The Rise of AI Co-Scientists
Novel breakthroughs or Integration layers? Early evidence suggests this is where value accrues first.
With the tools we have today, we could have discovered the transformer architecture four years earlier than we did.
At least that’s what simulations from early co-scientist systems suggest, according to scientists I spoke with at NeurIPS and at an AI4Science event hosted by FutureHouse.
The claim is difficult to validate. But the reasoning behind it is straightforward. The key ideas behind the transformer (attention mechanisms, sequence-to-sequence models, positional encoding) existed across separate research communities for years before Vaswani and the Google team combined them in 2017 in the seminal Attention is All You Need paper.
If even directionally correct, this points to a thesis that’s increasingly hard to ignore: the first major milestone in AI for science may not be a breakthrough model or a novel reasoning architecture. It may be the integration layer (workflow orchestration, retrieval, synthesis) that helps researchers find non-obvious connections across the existing body of knowledge.
We may already have a proof point. When Demis Hassabis and John Jumper won the 2024 Nobel Prize in Chemistry for AlphaFold2, the achievement was often framed as an AI breakthrough.
But structurally, AlphaFold2 was largely an integration achievement: it combined attention mechanisms from NLP, evolutionary covariance data from genomics, and decades of experimental protein structures into a single coherent system.
It introduced novel architectural ideas, particularly around geometric reasoning, but the core ingredients existed. The breakthrough was in seeing how they fit together.
Deepmind later open sourced the AlphaFold Protein Structure database, a massive database of over 200 million protein structure predictions to accelerate scientific research.
In the past few years, over $3 billion has rapidly poured into startups working on AI-powered tools for scientific discovery. From Sakana AI’s $379M to build systems that write academic papers for $15 each, to Periodic Labs and Lila Sciences’ $300M+ raises to build scientific superintelligence, to Xaira and Isomorphic Labs’ combined $1.6B to apply AI to therapeutics, the list goes on.
Much of this investment targets improved domain-specific models, reasoning capabilities, or automated lab infrastructure, which make them bold, moonshot bets.
There is an argument that the integration layer may matter more in the short term, at least until we hit problems that require genuine theoretical leaps rather than recombination of existing knowledge.
Just in the past year or so, many of the top AI research labs and a number of startups have released early versions of their AI “co-scientists”; from OpenAI’s Prism, Google’s Co-Scientist, and Anthropic’s move into the life sciences, to early companies like Phylo, Intology, and Edison Scientific. These tools aim to give researchers a coherent environment to conduct and automate work across the full arc of research, from hypothesis generation to experimentation to paper writing.
Early evidence suggests this is where value accrues first.
FutureHouse‘s trajectory is instructive: their first validated therapeutic candidate (ripasudil for dry macular degeneration) came not from ether0, their chemistry reasoning model, but from Robin, a workflow that chains together literature retrieval, synthesis, and data analysis agents. The system connected glaucoma research to macular degeneration research, surfacing a ROCK inhibitor already approved for one eye condition as a candidate for another.
Similarly, while companies like Unreasonable Labs are building novel reasoning architectures beyond standard LLMs, they appear equally focused on the work environment that scientists will engage with first.
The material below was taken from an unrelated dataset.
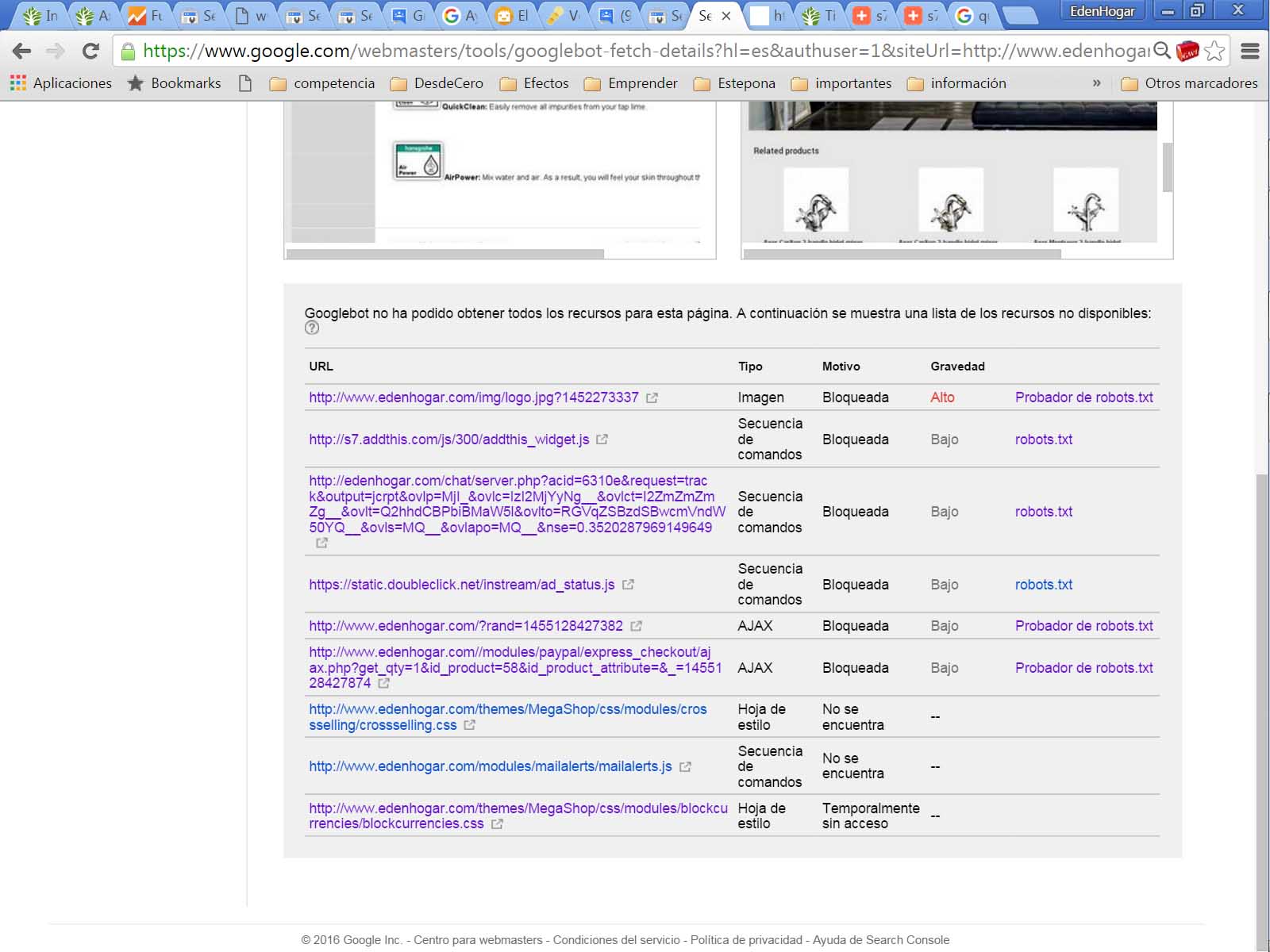 En la parte de Recursos bloqueados de Robot.txt  dice que tengo muchos archivos .CSS bloqueados y por eso las paginas de productos están bloqueadas ... en concreto me parece que la linea robot.txt de bloquea esto es la siguiente:

This sequencing makes sense: the integration layer is what surfaces the right data and coordinates workflows, giving reasoning models something meaningful to act on.
As one AI4Science researcher puts it: “Science, in many ways, is really a process of reinventing the wheel over and over again in different fields, and bringing learnings from one field into another.”
This brings us to the caveat worth stating explicitly. The integration layer thesis holds strongest for problems that are fundamentally recombinatory, i.e. where the key ideas already exist but sit in separate literatures, separate disciplines, separate mental models.
But science also produces problems that require genuine theoretical leaps. The kind where no amount of retrieval across existing literature would surface the answer because the answer hasn’t been articulated yet. General relativity didn’t emerge from better cross-referencing of Newtonian mechanics papers. For those problems, the reasoning layer (or something beyond current architectures entirely) will need to lead.
The honest assessment is that most of day-to-day science is recombinatory. I would argue that the gains from AI in science may not be primarily about efficiency, like saving researchers time on literature reviews or administrative work.
They may be about direction: reshaping which questions get asked, which connections get surfaced, which fields talk to each other. If the integration layer can accelerate that cross-pollination, it may matter more in the near term than breakthroughs in reasoning architectures or solutions to data scarcity.
Mason Rodriguez Rand is a Strange Research Fellow who holds degrees in molecular and mechanical engineering (UChicago, UC Berkeley) and has led engineering and go-to-market efforts at climate and energy startups out of Argonne National Lab and UC Berkeley, spanning nuclear, carbon removal, and advanced materials.